Schopenhauer’s answer is a Pantheist one where sensory information are not caused but instead are representations of the Will (two-sides of the same coin) e.g. the appearance of lightning is the representation of the Will of electric potential, the movement of our physical bodies as manifestation of our own wills. The unity between Will and representation in our bodies (subject with object) assigns it greater importance as it is treated as the point of reference to all other objects; acts of the will are instantly objectified by the body and thus one and the same . Will is objectified through a two-tiered approached (Platonic Ideas which are outside space-time, and then by their particulars which are constituted in space-time). The world of appearances is thus a reflection of Will (Panpsychism).
Schopenhauer’s Will is unlike that of the rational/logical self-consciousness of the German idealists of his time; Will is a wholly mindless, aimless, and non-rational urge responsible for our instinctual drives. It is blind-impulse with neither aim nor determination; such a world strives for nothing in particular but only to further fragment (differentiate, individuate) itself (through principles of sufficient reason, law of free-energy will agree). The experience of such fragmentation is human suffering and frustration. Three solutions are posited:
- The aesthetic perception or merging with less-differentiated minds (discernment through objects, losing oneself in an object) and access its Platonic Idea; high-art gives spatial-temporal forms to these Ideas which allow others to more closely access them. Music has special importance as they contain the structures of the world itself along a feeling axis.
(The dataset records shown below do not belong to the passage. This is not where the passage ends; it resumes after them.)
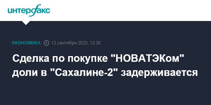 Москва. 12 сентября. INTERFAX.RU - Сделка по покупке "НОВАТЭКом" бывшей доли Shell в проекте "Сахалин-2" задерживается, сообщил журналистам глава "НОВАТЭКа" Леонид Михельсон, не пояснив причины.
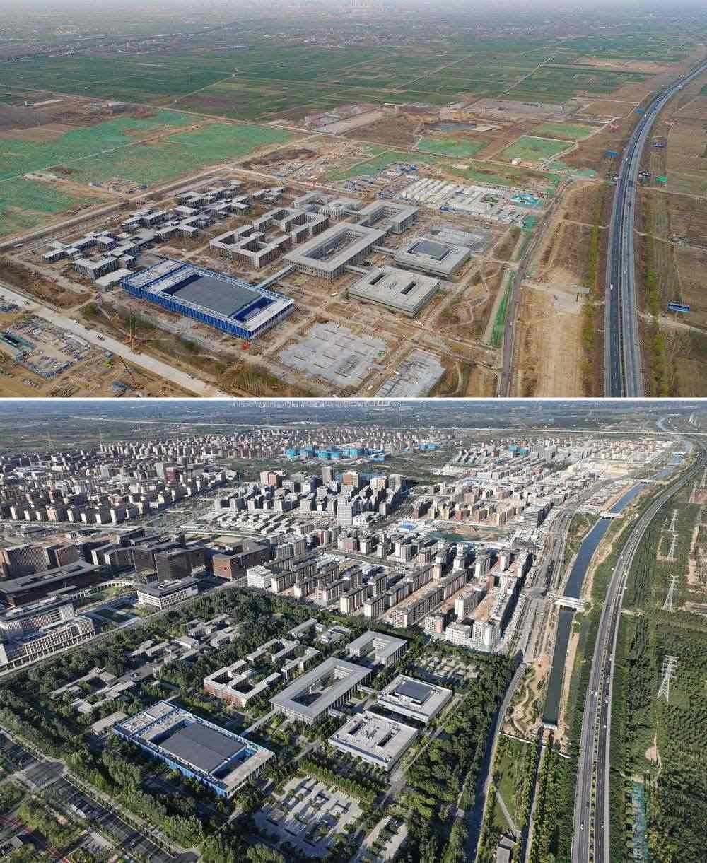 拼版照片:上圖為2018年3月29日拍攝的雄安市民服務中心(無人機照片);下圖為2022年9月6日拍攝的雄安市民服務中心(無人機照片)。
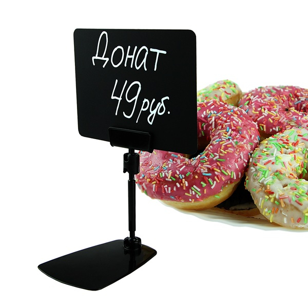 Вставка в рамки из плотного чёрного пластика для нанесения надписей белым маркером на меловой основе. Рекомендуется использовать со специальными меловыми маркерами , представленными в нашем каталоге. Толщина табличек - 0,5 мм. Углы таблички закруглены.
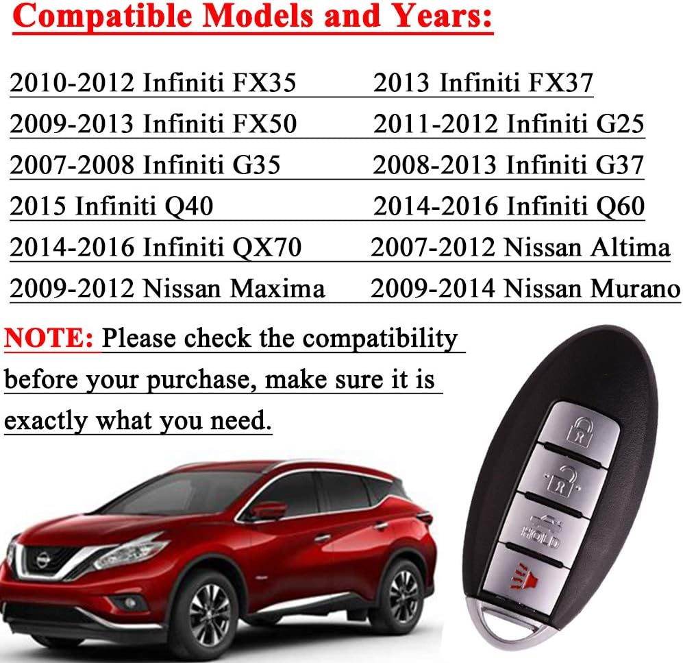 New 4 Buttons Uncut Insert Key Fob Remote Control Case Shell Replacement For Kr55wk48903 2007 2012 Nissan Altima 2009 2014 Nissan Maxima Wish
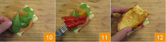 les jeunes pousses d'épinard 10 et les poivrons rôtis à l'huile 11. Refermez avec la deuxième tranche de pain 12
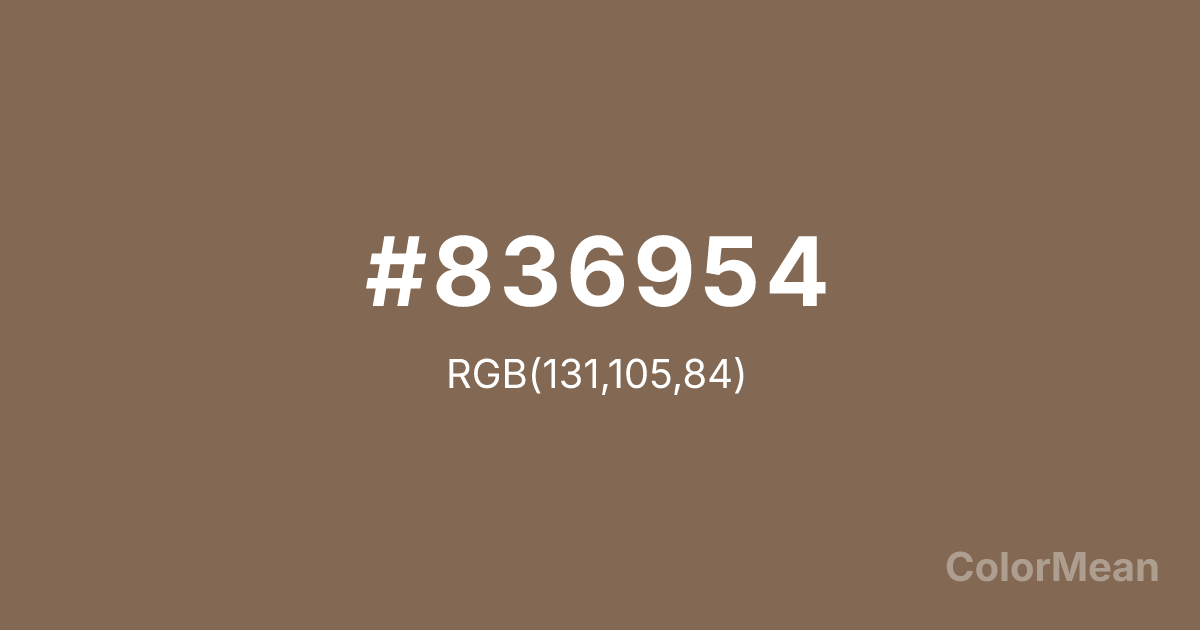 #836954 RGB value is (131, 105, 84). The hex color red value is 131, green is 105, and blue is 84. Its HSL format shows a hue of 27°, saturation of 22 percent, and lightness of 42 percent. The CMYK process values are 0 percent, 20 percent, 36 percent, 49 percent.
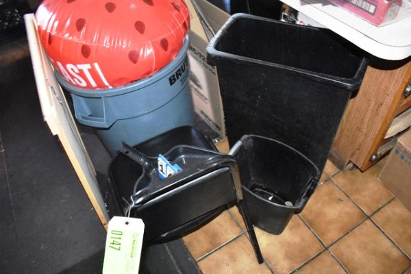 Assorted Sized Garbage Cans, Chalkboard, Chair and Inflatable Strawberry
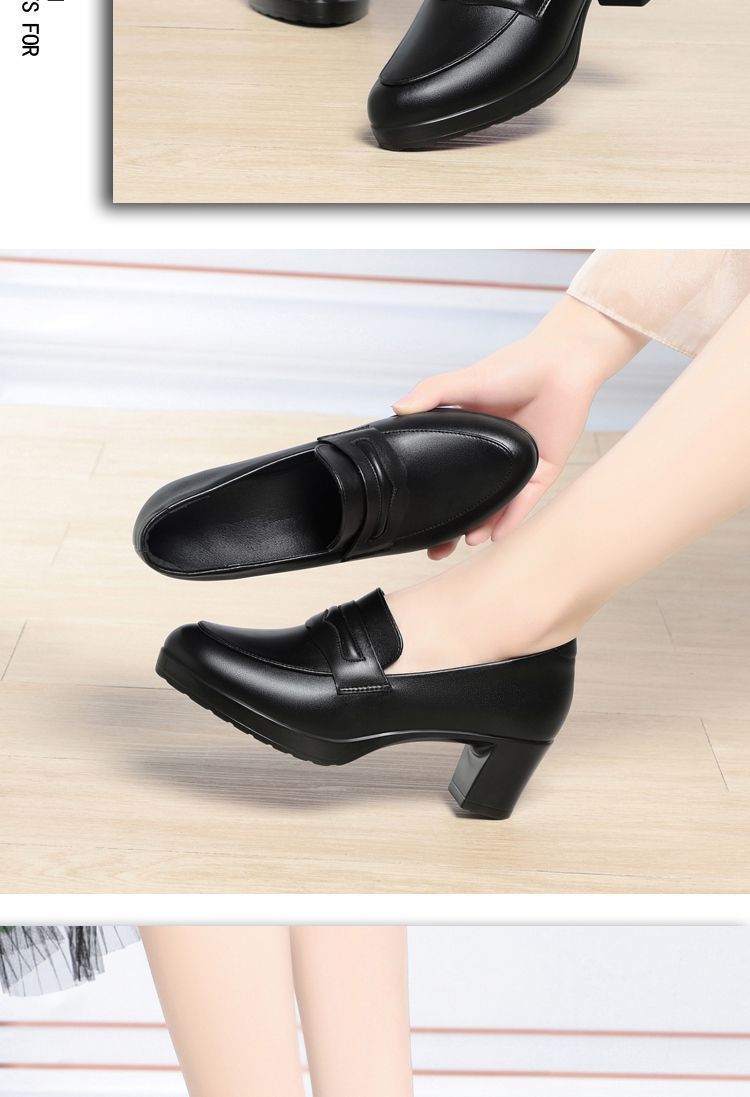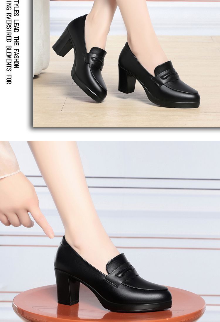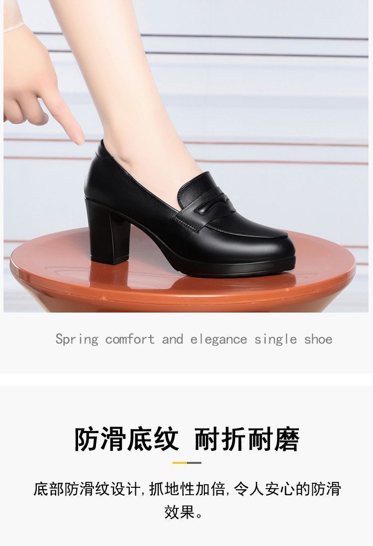 여성 신형 청키 힐 신발 2024 봄 여름 간단한 하이 퀄리티 부드러운 가죽 하이힐 중년 매일 올 매치 가죽 신발스토어 가기
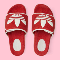Emblematic House’s motifs mix with those of the historic sportswear brand adidas. The collection sees both heritages encoded in a trio of lines, where adidas and Gucci combine archival emblems. Creative Director, Alessandro Michele pulls inspiration from his memories of the ‘80s and ‘90s for a collection that is both nostalgia-driven and contemporary. These red GG cotton sponge platform sandals have the Trefoil leather patch. - Red GG cotton sponge - Men's - White Trefoil leather patch - adidas x Gucci - White Demetra trim—crafted from animal-free raw materials that are primarily from sustainable, renewable, and bio-based sources with yellow and white rubber details - Rubber sole - Adjustable velcro strap - Low heel - Made in Italy
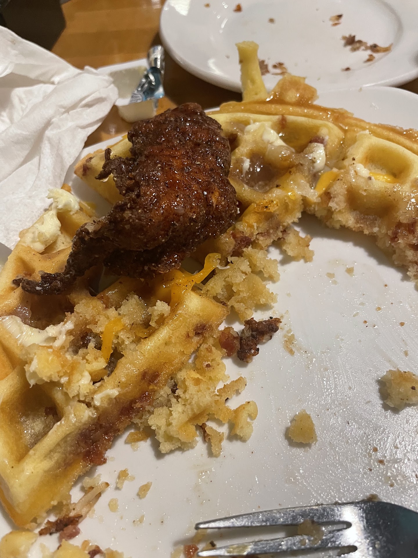 Myself and one other friend ordered the chicken and waffles. That particular dish was to come with cinnamon butter on it. As you may be able to tell from the pictures of the food below, it did not. So we asked for the cinnamon butter on the side. In the picture below, that’s not butter. The waffles was extremely dry, and the sausage I had was very hard. Not to mention, my friend got 3 chicken tenders on her waffle and I only got 2. For the mimosas we did order, our server went around and asked us which juice(pineapple, orange, or cranberry) we would like for the $40 bottle of wine we purchased. It turns out all 5 of us wanted pineapple. For 5 people, they only brought out 1 standard glass of juice for us all to share. For another glass of juice, they charged us extra. One friend had under cooked turkey sausage links, one ordered a build your own egg omelette with egg whites and fresh spinach that she didn’t eat, and the last friend had nothing to report on her food.
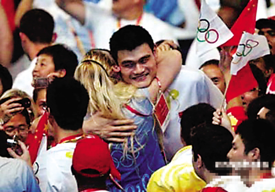 8月24日晚,燃烧了16天的奥运圣火即将熄灭。来自204个国家和地区的运动员再次聚会在“鸟巢”。姚明领衔的中国男篮也走在队伍之中,而兴奋的他也激动地和一名金发美女热情相拥。
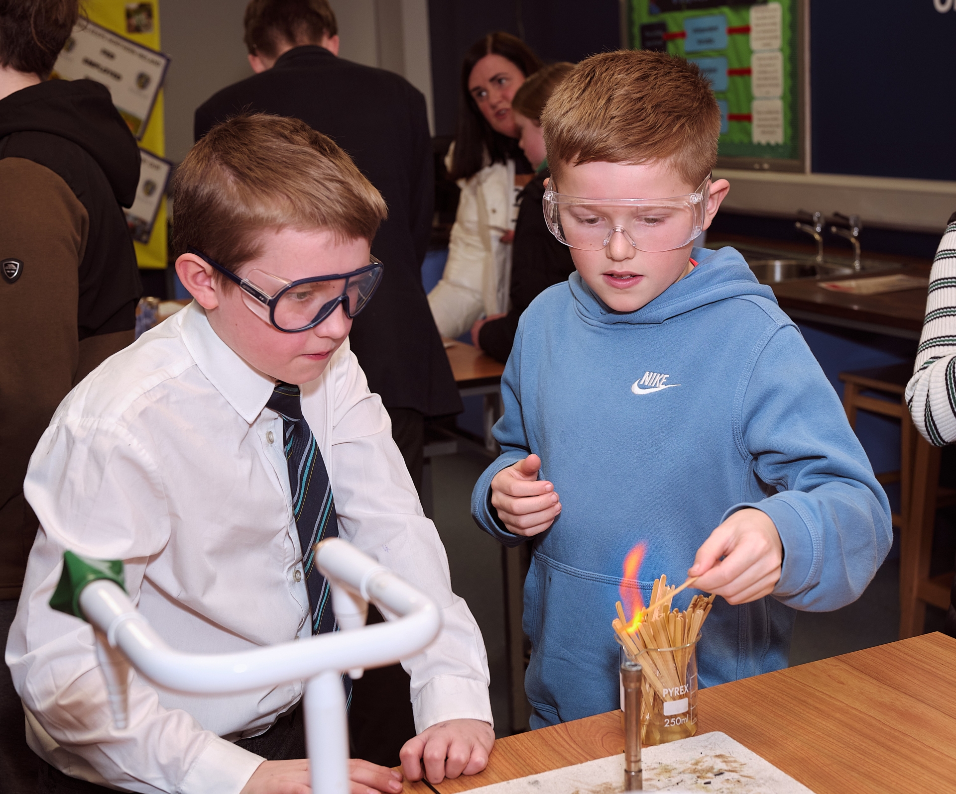 Trying out some of the experiments in the Science Department.
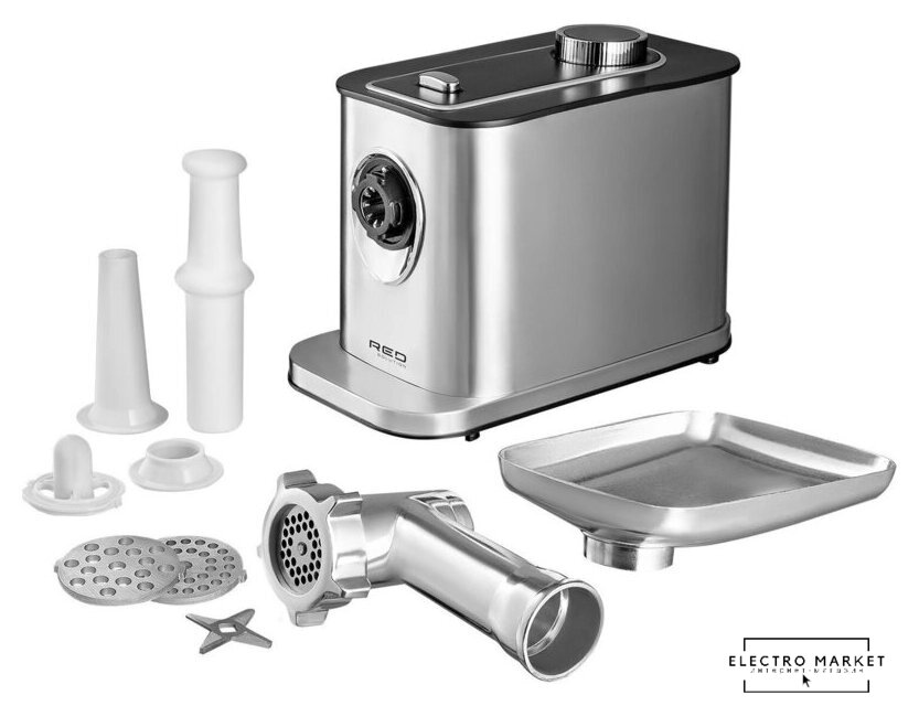 | Полная комплектация | моторный блок, шнек мясорубки, нож мясорубки, блок мясорубки, загрузочный лоток, фиксирующее кольцо, перфорированные диски для различных видов фарша (3 шт.), толкатель мясорубки, основание насадки для колбасок/кеббе, насадка для колбасок, насадка для кеббе, руководство по эксплуатации и гарантийный талон |
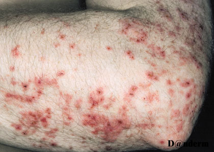 - Intenst kløende papulovesikuløs hudsygdom lokaliseret hovedsageligt på strækkesider af albuer og knæ (symmetrisk), glutealt, nakke og hårbund
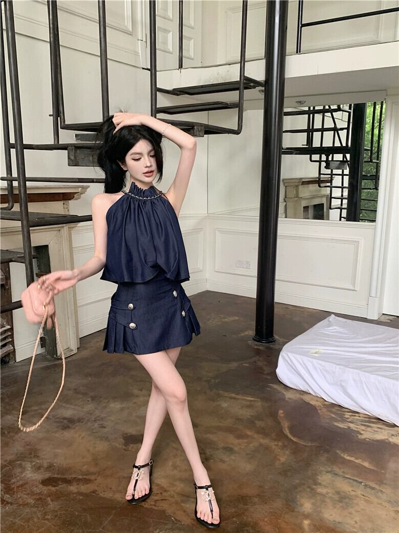 純粋な欲望レトロセクシーなデニムスーツホルターネックシャツ女性の夏甘いクールプリーツスカートスカート 2 点セット 大人ガーリー スウィート キュート カジュアル サマー 夏物 bstraw27009225338 | beaute25
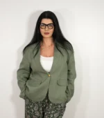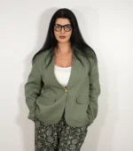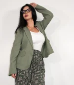 Elegantly crafted Olive Green Tailored Blazer, designed for the modern woman who seeks both style and comfort. Made from high-quality LINEN, breathable fabric, this versatile blazer offers a perfect balance between sophistication and casual flair.
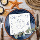 Temas costeiros, guardanapos de casamento com estrelas desenhadas à mão e rabiscos com carapaça do mar junto com uma crista de casal que pode ser personalizada com cada uma das suas iniciais. As cores do texto e da ilustração estão em azul-marinho náutico e o estilo casual e divertido é perfeito para a praia mais informal, a recepção tropical e à beira-mar e a celebração do chá.
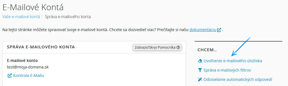 Môžete sa tiež rozhodnúť prihlásiť priamo do svojho webmailu a e-maily mazať manuálne, ale v tomto návode sa zameriavame na funkcie dostupné po kliknutí na Spravovať pri e-mailovom účte, konkrétne na "Uvoľnenie e-mailového úložiska", ako je zobrazené nižšie.
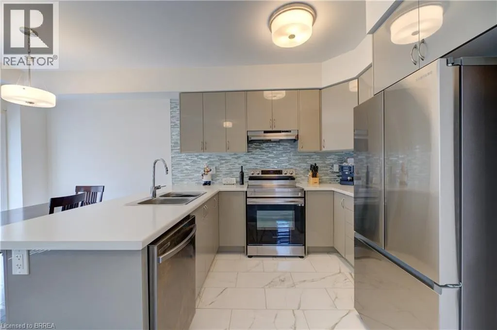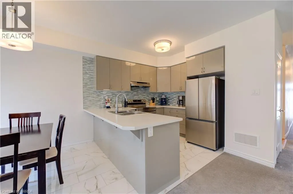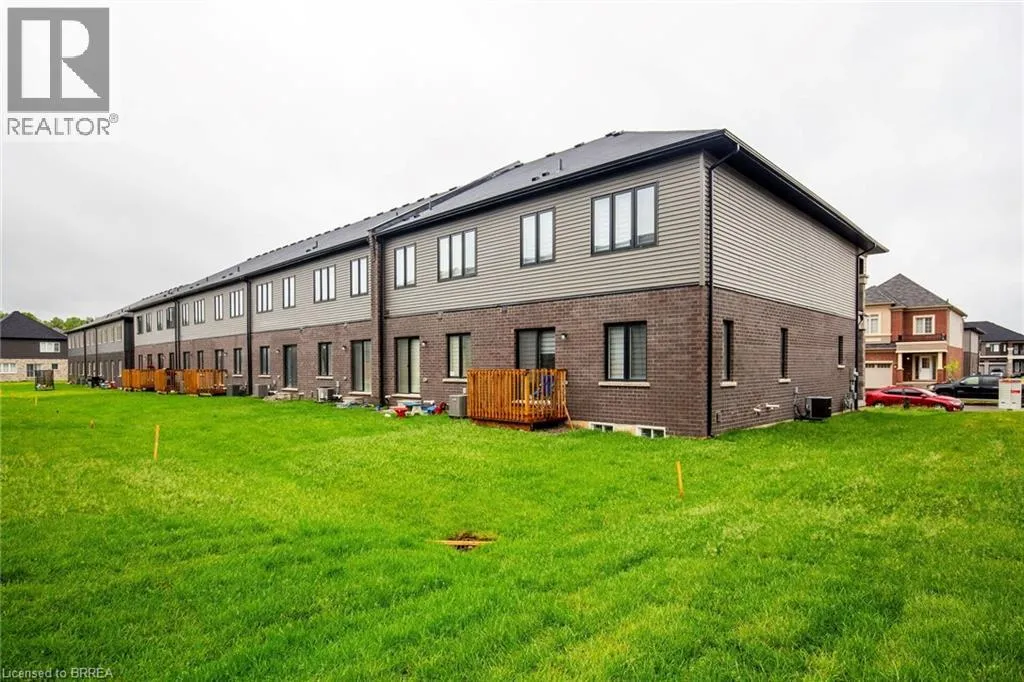 Hardy Rd/Oak Park rd Welcome to 2 Copeman Ave! This stunning end-unit townhouse is only 2 years new and offers 1,624 sq. ft. of stylish living space. Featuring a private driveway and single-car garage, this premium home includes 3 spacious bedrooms and 2.5 bathrooms. The kitchen is designed with elegant, low-maintenance cabinetry and a sleek backsplash. The open-concept dining area walks out through patio doors to a private deckâperfect for entertaining or relaxing outdoors. Upstairs, youâll find a generous primary bedroom with a 4-piece ensuite, two additional large bedrooms, a convenient second-floor laundry room, and plenty of storage. One of the bedrooms also features a private balcony. Located in a fabulous neighborhood, this home is close to Hwy 403, golf courses, and scenic Grand River trails. A premium end-unit with extra light, privacy, and modern designâthis is the perfect family home. Donât miss it! (id:27476)

- Having compassion for the suffering of others as they are cut from the same cloth (from the act of Humanity itself). Recognizing the universal consciousness in everyone curbs the energy of blind impulse. Determining our own innate propensities/characteristics (self-knowledge) leads to tranquility.
- Asceticism or minimizing one’s desires reduces suffering and frustration; it is a form of regression into a less differentiated state and the curtailing of will to knowledge.